**Exercise objective:** Transcribe every record as it stands and set the images aside.
____
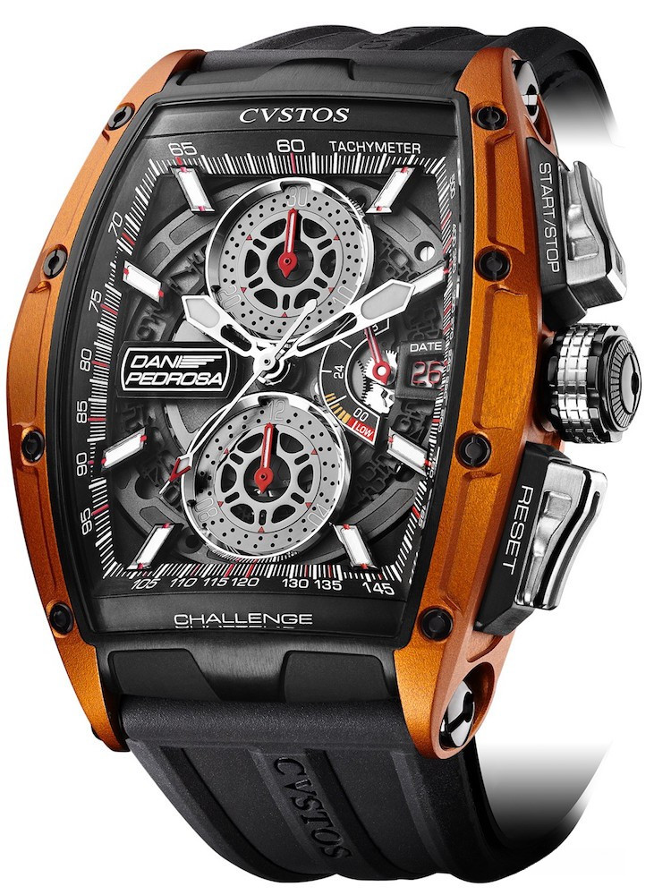 Корпус Nano Orange Carbon содержит объемный многослойный скелетированный циферблат с вручную выполненным логотипом Дени Педроса в позиции 9 часов. Часы с минутным в позиции 12 часов и часовым возле 6 часов счетчиками в форме тормозных дисков оснащены ремешком в оранжевых тонах нового мотоцикла RC213V Repsol Honda. Индикатор запаса хода в позиции 3 часов напоминает красную часть тахометра. Возле 9 часов вручную нарисован логотип маленького самурая. Небольшая дополнительная деталь: на индикаторе даты число 26 выделено красным цветом. Часовой механизм автоматического хронографа собран и оформлен в мастерских Cvstos в Женеве и включает ротор, похожий на обод со спицами мотоцикла Repsol Honda RC213V. Этот ротор использует уже разработанную и утвержденную Cvstos технологию вольфрам 88/титан класса 5. Часы Dani Pedrosa Carbon выпущены ограниченной серией из 100 единиц.
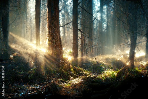 © Ecleposs, Fototapeta premium Realistic woods landscape 3D illustration with copy space and high trees and vast environment
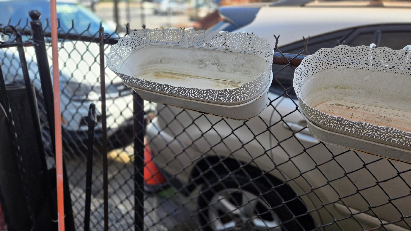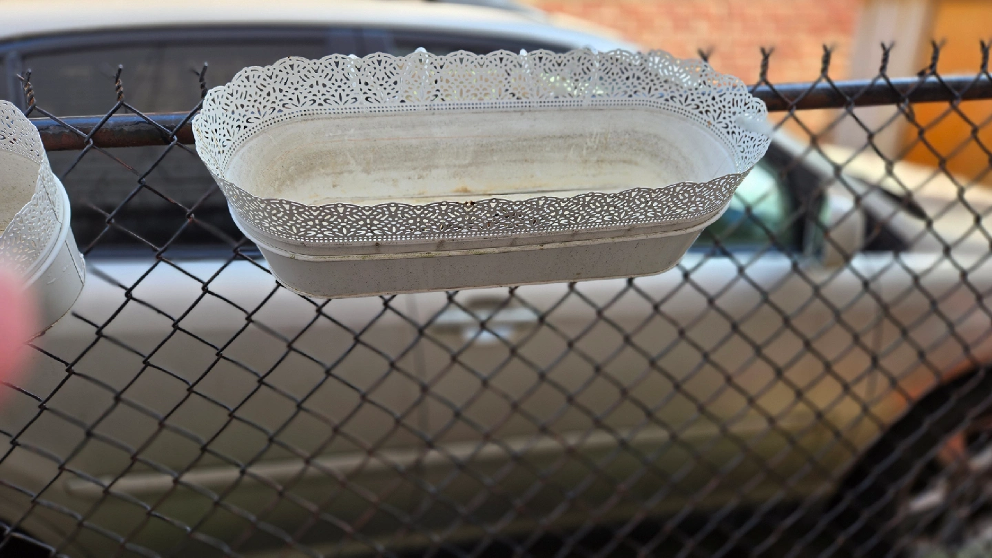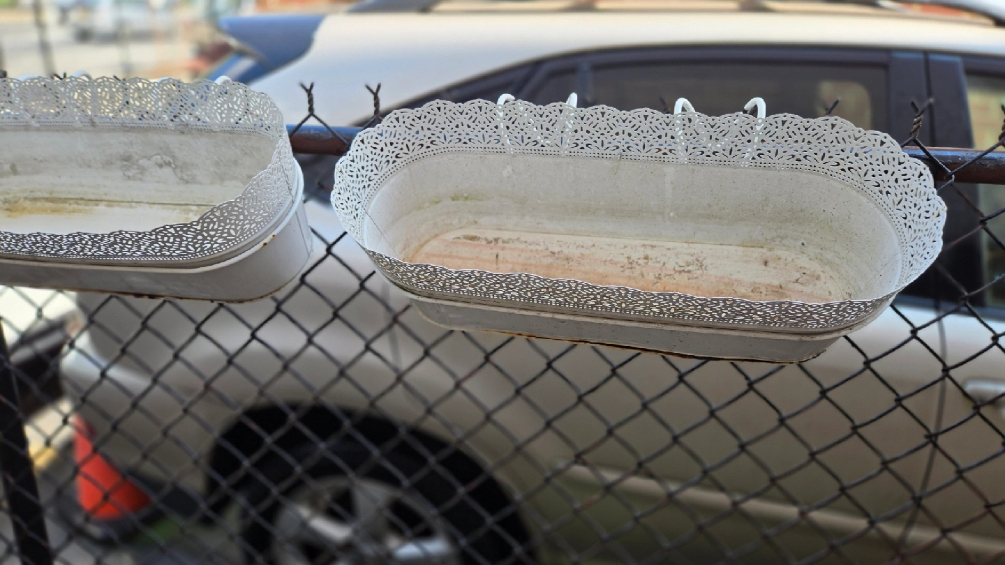 I'm selling a set of two hanging flower planters. They are white and have a decorative lace-like trim. Perfect for adding a touch of charm to your garden or balcony!
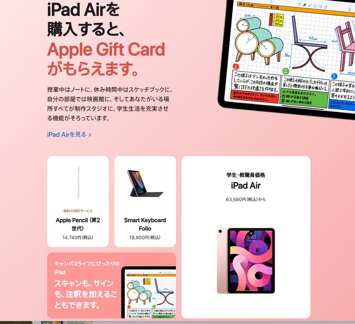 学生さんは、MacやiPadを購入する予定なら、ぜひこのキャンペーンで購入されるといいだろう。
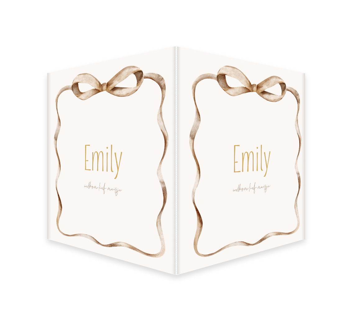 Een stijlvol raambord om de geboorte van je kindje aan te kondigen. Het bord heeft een bruine watercolour illustratie van een strik. In het midden lees je de naam. Pas het ontwerp naar wens aan in onze online editor.
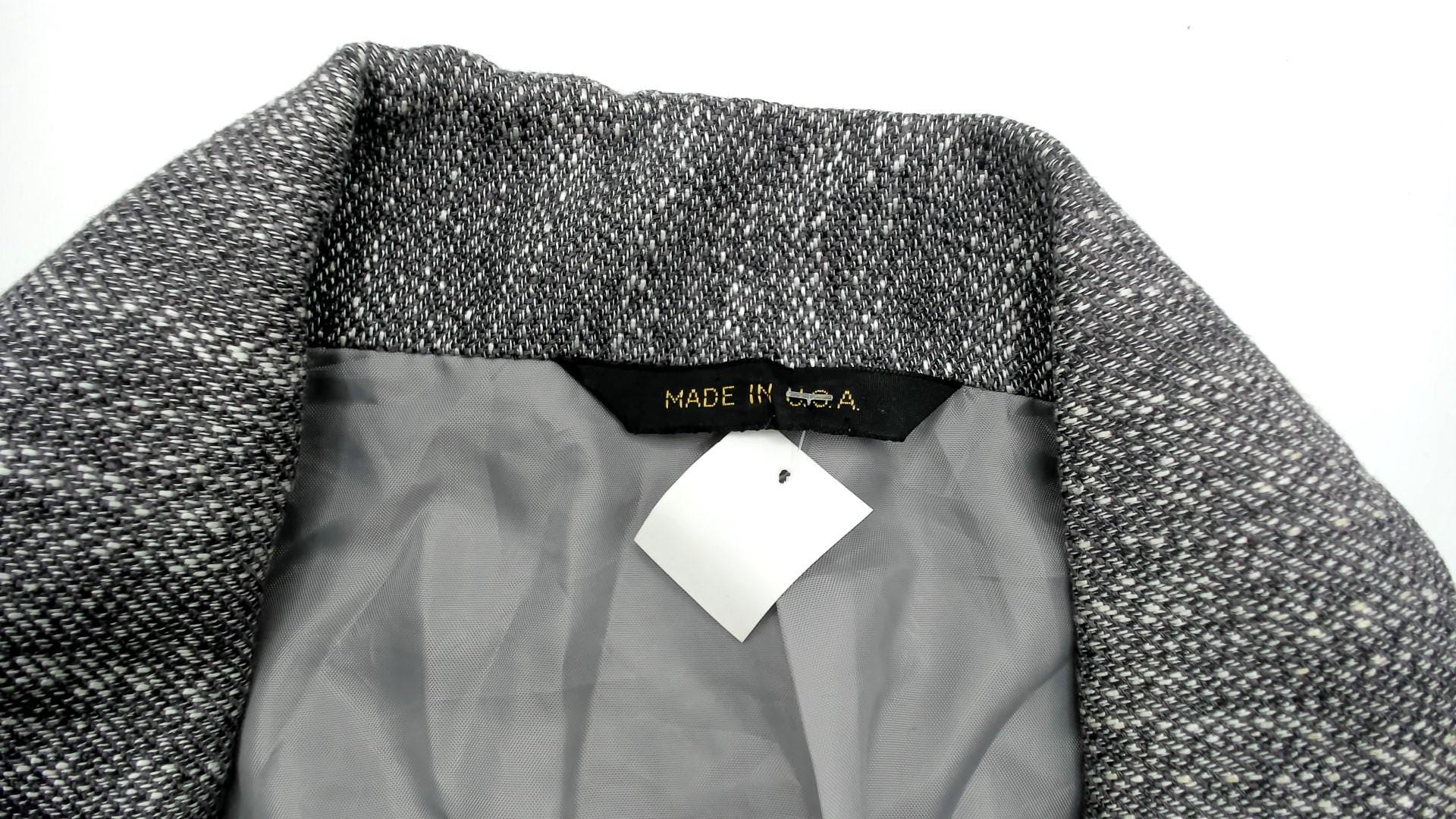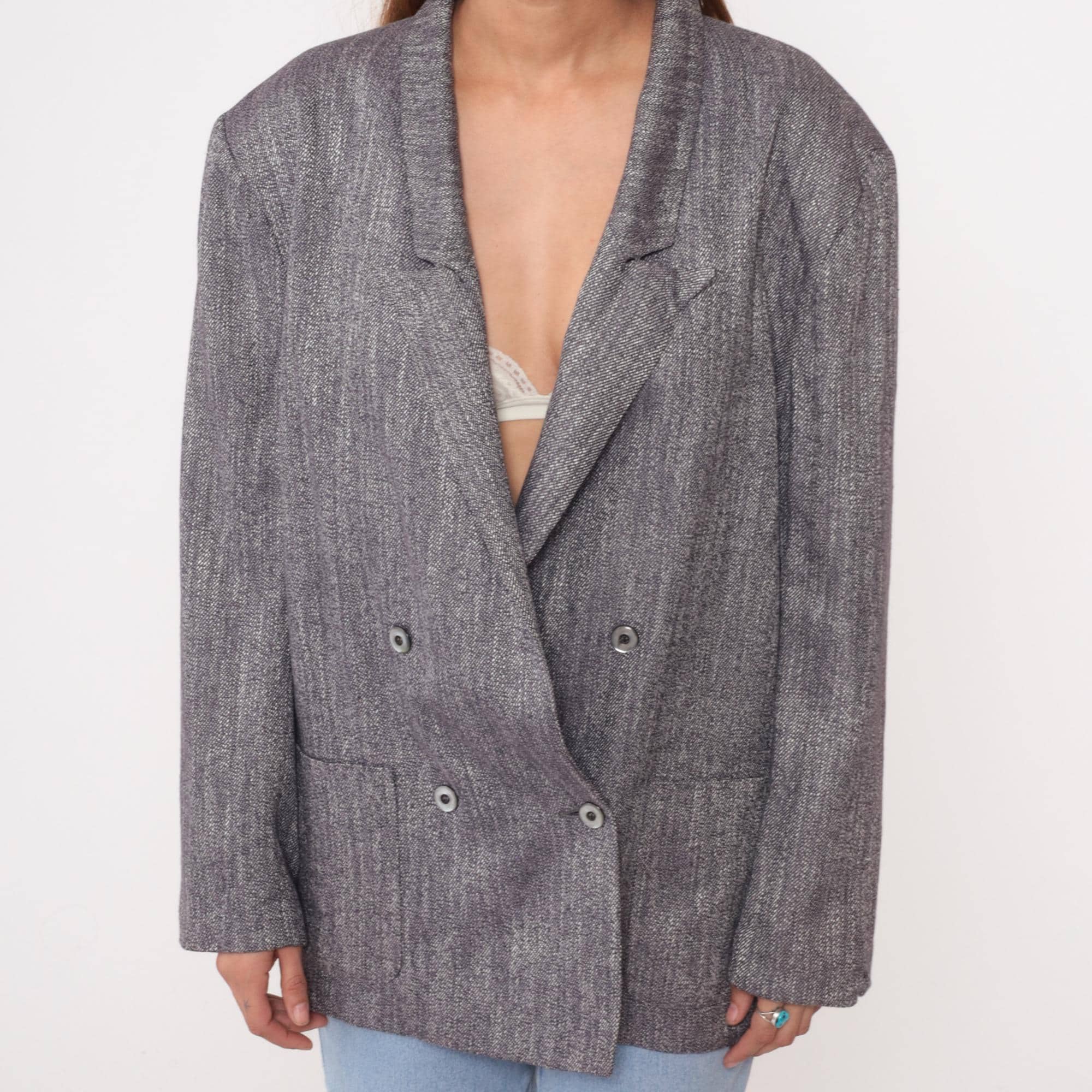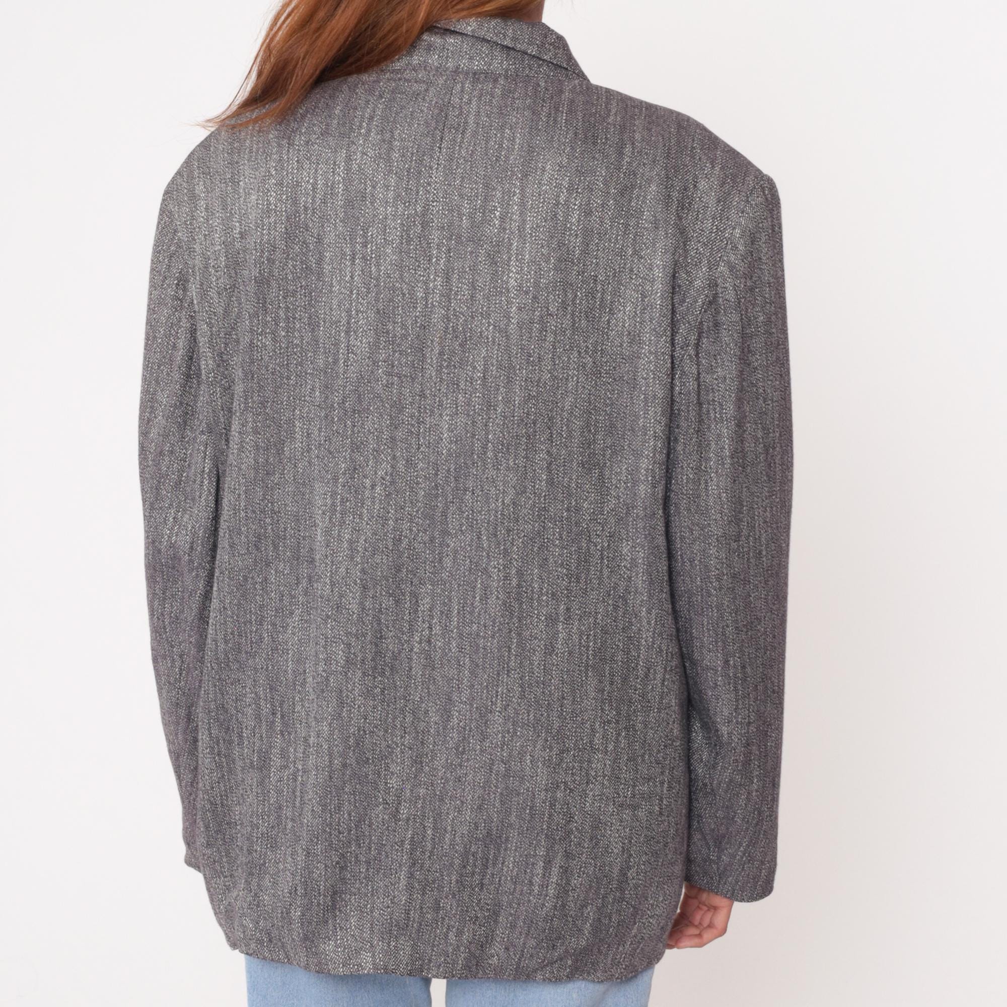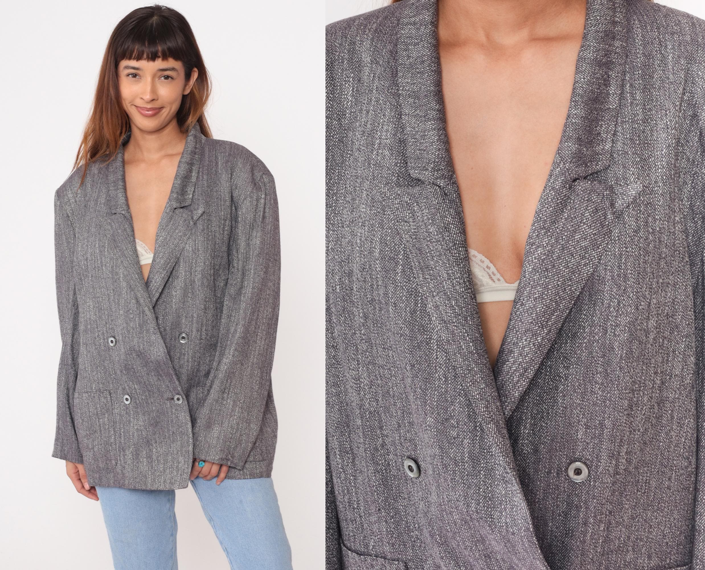 80s charcoal gray double-breasted blazer from metra by jantzen in textured salt and pepper woven fabric. Peak lapels, four button front closure, and front patch pockets.
____
**Exercise result:**
 Корпус Nano Orange Carbon содержит объемный многослойный скелетированный циферблат с вручную выполненным логотипом Дени Педроса в позиции 9 часов. Часы с минутным в позиции 12 часов и часовым возле 6 часов счетчиками в форме тормозных дисков оснащены ремешком в оранжевых тонах нового мотоцикла RC213V Repsol Honda. Индикатор запаса хода в позиции 3 часов напоминает красную часть тахометра. Возле 9 часов вручную нарисован логотип маленького самурая. Небольшая дополнительная деталь: на индикаторе даты число 26 выделено красным цветом. Часовой механизм автоматического хронографа собран и оформлен в мастерских Cvstos в Женеве и включает ротор, похожий на обод со спицами мотоцикла Repsol Honda RC213V. Этот ротор использует уже разработанную и утвержденную Cvstos технологию вольфрам 88/титан класса 5. Часы Dani Pedrosa Carbon выпущены ограниченной серией из 100 единиц.
 © Ecleposs, Fototapeta premium Realistic woods landscape 3D illustration with copy space and high trees and vast environment
 I'm selling a set of two hanging flower planters. They are white and have a decorative lace-like trim. Perfect for adding a touch of charm to your garden or balcony!
 学生さんは、MacやiPadを購入する予定なら、ぜひこのキャンペーンで購入されるといいだろう。
 Een stijlvol raambord om de geboorte van je kindje aan te kondigen. Het bord heeft een bruine watercolour illustratie van een strik. In het midden lees je de naam. Pas het ontwerp naar wens aan in onze online editor.
 80s charcoal gray double-breasted blazer from metra by jantzen in textured salt and pepper woven fabric. Peak lapels, four button front closure, and front patch pockets.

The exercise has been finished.